YOUR GOAL:
Return exactly the lines below, starting with the one that has "Lithograph and watercolor" and going on through the one that has "Off-white canvas tote".

INPUT MATERIAL:
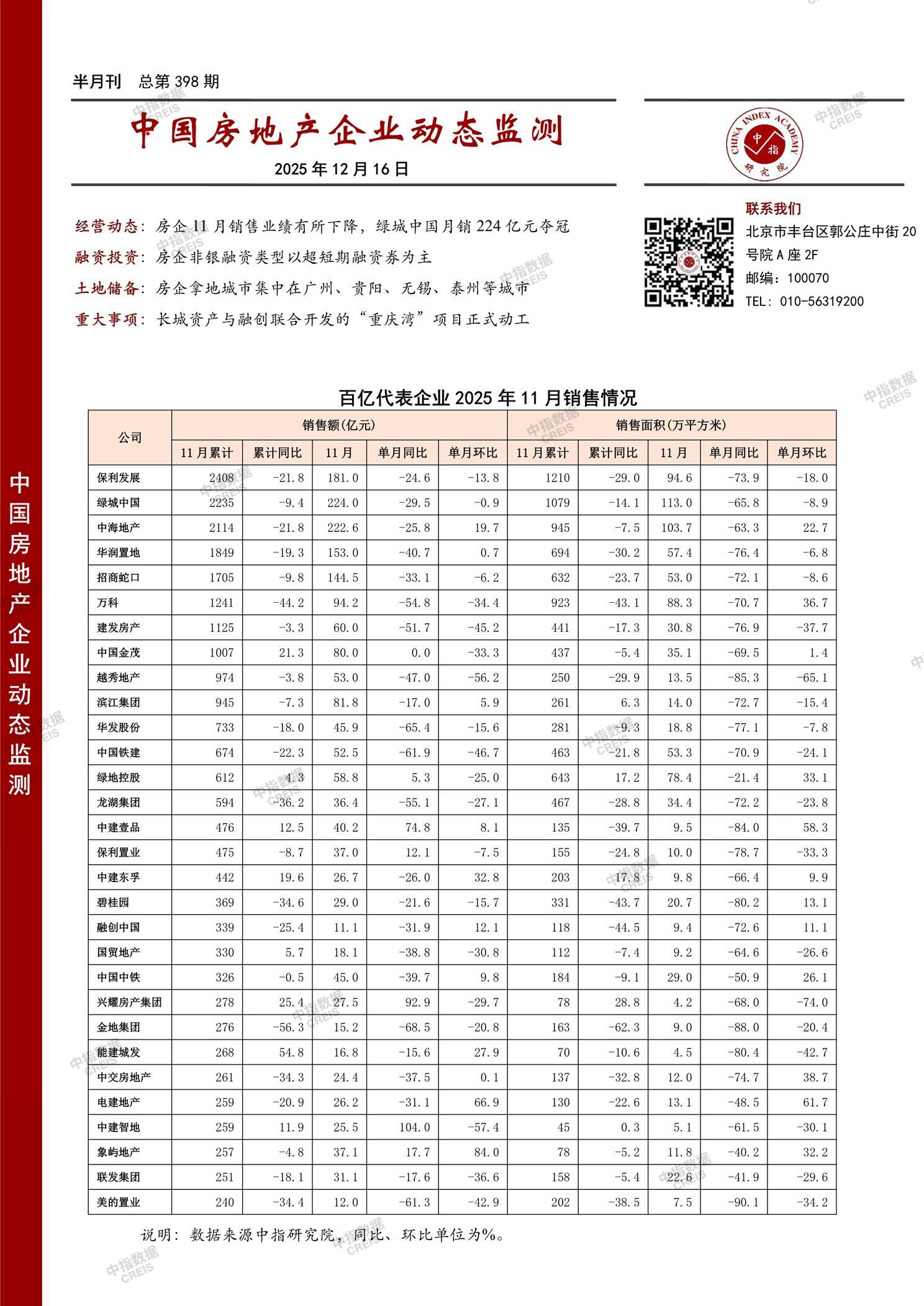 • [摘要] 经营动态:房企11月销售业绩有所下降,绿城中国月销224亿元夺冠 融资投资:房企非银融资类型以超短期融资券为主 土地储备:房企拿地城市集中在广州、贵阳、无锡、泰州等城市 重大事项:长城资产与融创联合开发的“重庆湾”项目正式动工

...

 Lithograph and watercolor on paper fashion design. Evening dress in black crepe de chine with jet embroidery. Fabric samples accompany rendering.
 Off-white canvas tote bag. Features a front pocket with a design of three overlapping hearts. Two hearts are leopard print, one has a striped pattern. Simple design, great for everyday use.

* * *

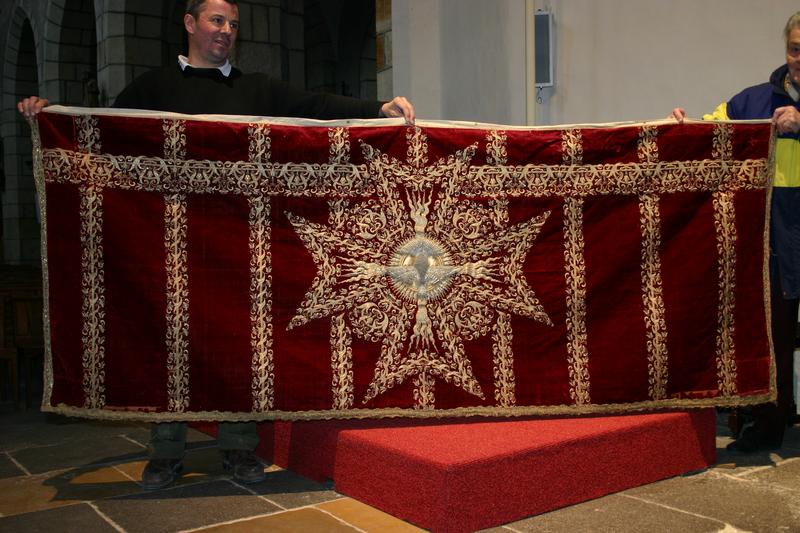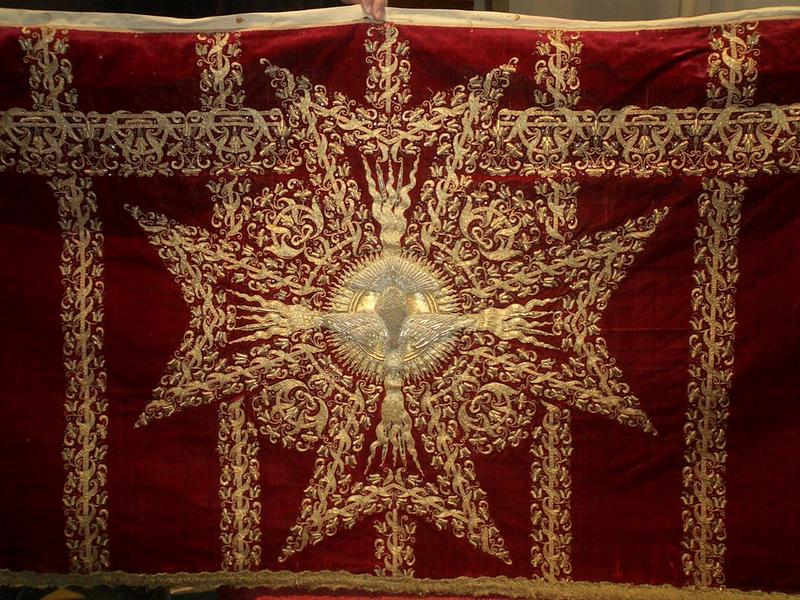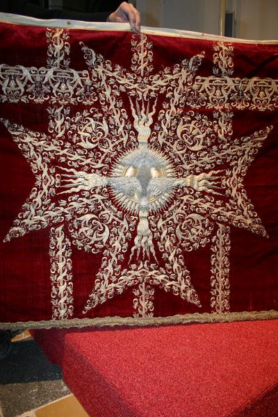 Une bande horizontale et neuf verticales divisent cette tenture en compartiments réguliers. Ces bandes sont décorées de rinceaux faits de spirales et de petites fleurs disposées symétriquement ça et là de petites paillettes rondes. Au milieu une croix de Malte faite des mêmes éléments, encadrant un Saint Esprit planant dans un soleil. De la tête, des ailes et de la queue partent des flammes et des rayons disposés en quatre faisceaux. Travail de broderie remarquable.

WRITTEN SOLUTION:
 Lithograph and watercolor on paper fashion design. Evening dress in black crepe de chine with jet embroidery. Fabric samples accompany rendering.
 Off-white canvas tote bag. Features a front pocket with a design of three overlapping hearts. Two hearts are leopard print, one has a striped pattern. Simple design, great for everyday use.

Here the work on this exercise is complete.